A verbatim copy is needed of the lines below from the one containing "Conditions pour le" up to and including the one containing "7 December 2019;", excluding pictures.

======== INPUT FOR THIS TASK

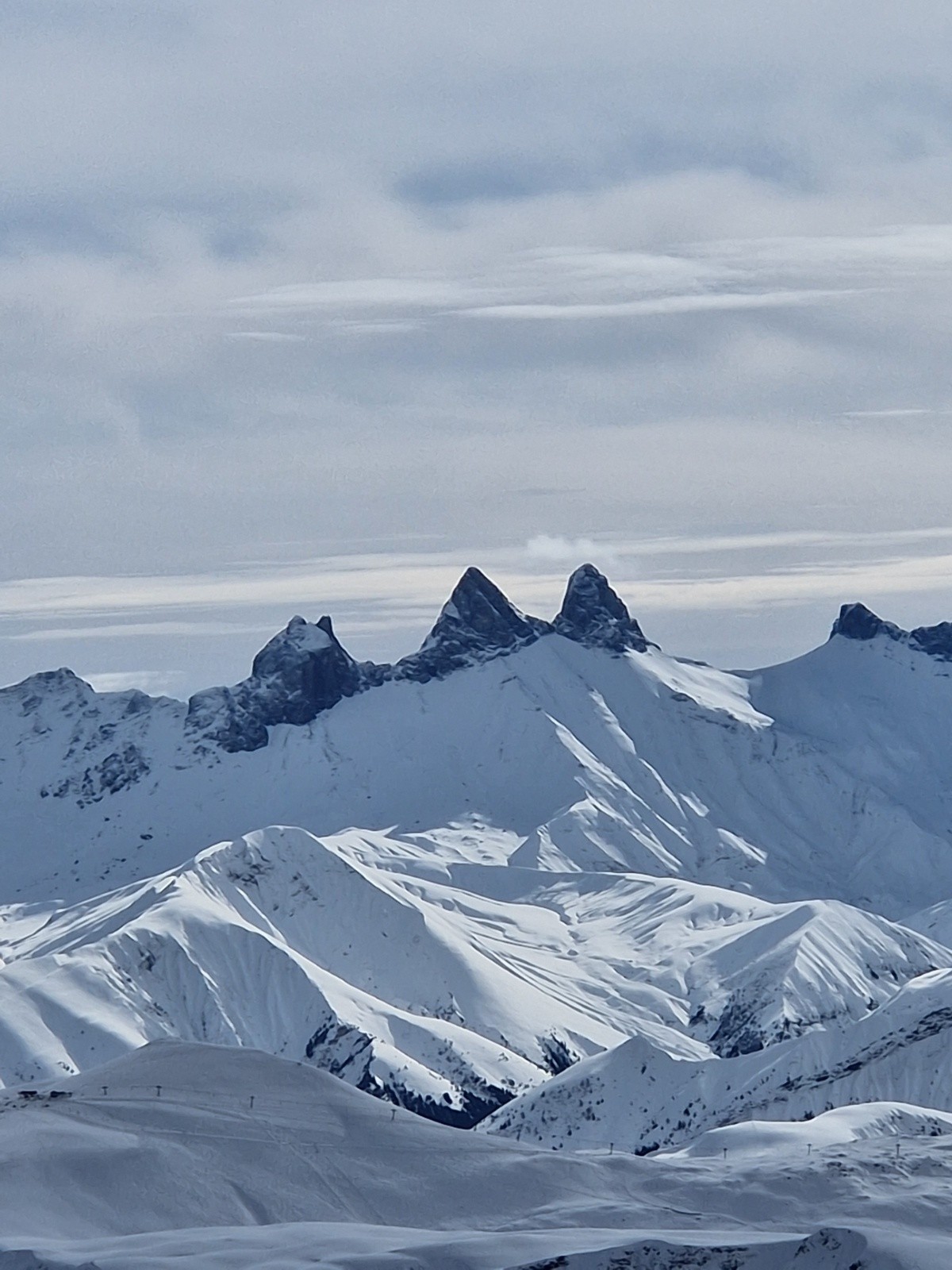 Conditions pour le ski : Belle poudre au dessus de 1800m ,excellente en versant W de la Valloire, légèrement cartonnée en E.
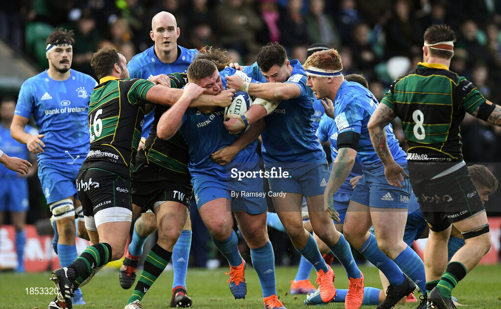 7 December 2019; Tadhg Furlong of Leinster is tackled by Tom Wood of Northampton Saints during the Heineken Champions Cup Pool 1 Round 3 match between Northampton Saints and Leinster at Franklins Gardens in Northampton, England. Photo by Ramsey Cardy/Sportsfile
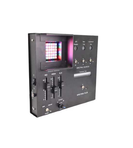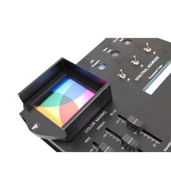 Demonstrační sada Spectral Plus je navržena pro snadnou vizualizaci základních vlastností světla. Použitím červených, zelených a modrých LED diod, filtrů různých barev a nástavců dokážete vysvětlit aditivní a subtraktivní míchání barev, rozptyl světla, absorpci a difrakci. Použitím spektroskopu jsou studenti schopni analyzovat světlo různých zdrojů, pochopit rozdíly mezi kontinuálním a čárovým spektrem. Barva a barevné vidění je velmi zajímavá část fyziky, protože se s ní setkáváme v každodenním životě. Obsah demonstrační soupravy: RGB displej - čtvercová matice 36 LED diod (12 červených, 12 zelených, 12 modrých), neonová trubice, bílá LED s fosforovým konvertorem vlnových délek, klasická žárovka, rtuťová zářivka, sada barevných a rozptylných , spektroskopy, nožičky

================
======== INPUT FOR THIS TASK

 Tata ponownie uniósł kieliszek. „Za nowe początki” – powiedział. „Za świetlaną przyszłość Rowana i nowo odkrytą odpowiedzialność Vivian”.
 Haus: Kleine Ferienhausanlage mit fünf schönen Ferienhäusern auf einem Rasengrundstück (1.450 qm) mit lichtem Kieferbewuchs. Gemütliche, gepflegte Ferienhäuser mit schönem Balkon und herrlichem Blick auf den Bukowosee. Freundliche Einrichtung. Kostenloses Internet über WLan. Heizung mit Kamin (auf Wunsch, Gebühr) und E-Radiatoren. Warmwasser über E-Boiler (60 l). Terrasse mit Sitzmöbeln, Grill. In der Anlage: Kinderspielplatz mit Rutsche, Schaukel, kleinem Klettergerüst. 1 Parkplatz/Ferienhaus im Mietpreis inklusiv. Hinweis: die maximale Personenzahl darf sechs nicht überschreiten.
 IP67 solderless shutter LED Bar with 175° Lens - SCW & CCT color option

================
======== INPUT FOR THIS TASK

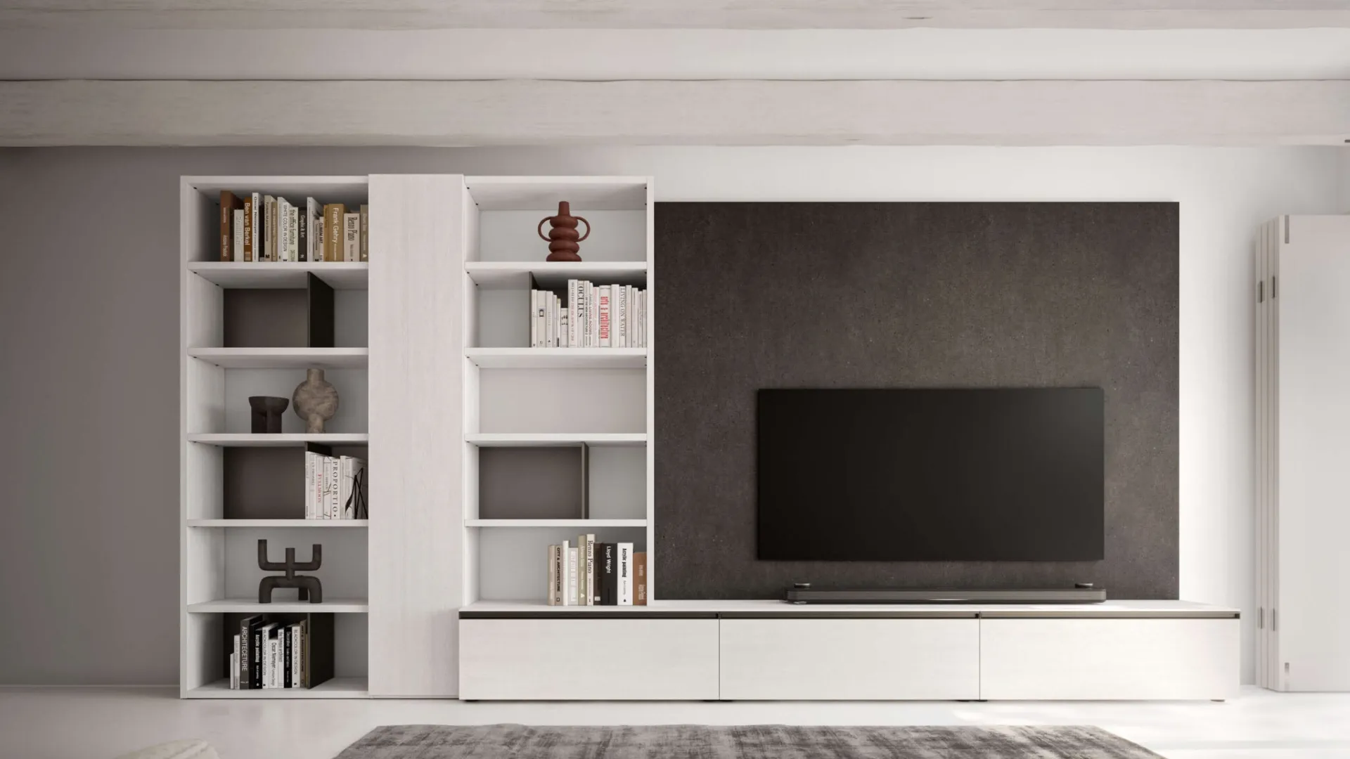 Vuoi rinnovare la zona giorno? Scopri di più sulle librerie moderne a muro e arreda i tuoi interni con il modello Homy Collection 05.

================

### TASK RESPONSE
 Conditions pour le ski : Belle poudre au dessus de 1800m ,excellente en versant W de la Valloire, légèrement cartonnée en E.
 7 December 2019; Tadhg Furlong of Leinster is tackled by Tom Wood of Northampton Saints during the Heineken Champions Cup Pool 1 Round 3 match between Northampton Saints and Leinster at Franklins Gardens in Northampton, England. Photo by Ramsey Cardy/Sportsfile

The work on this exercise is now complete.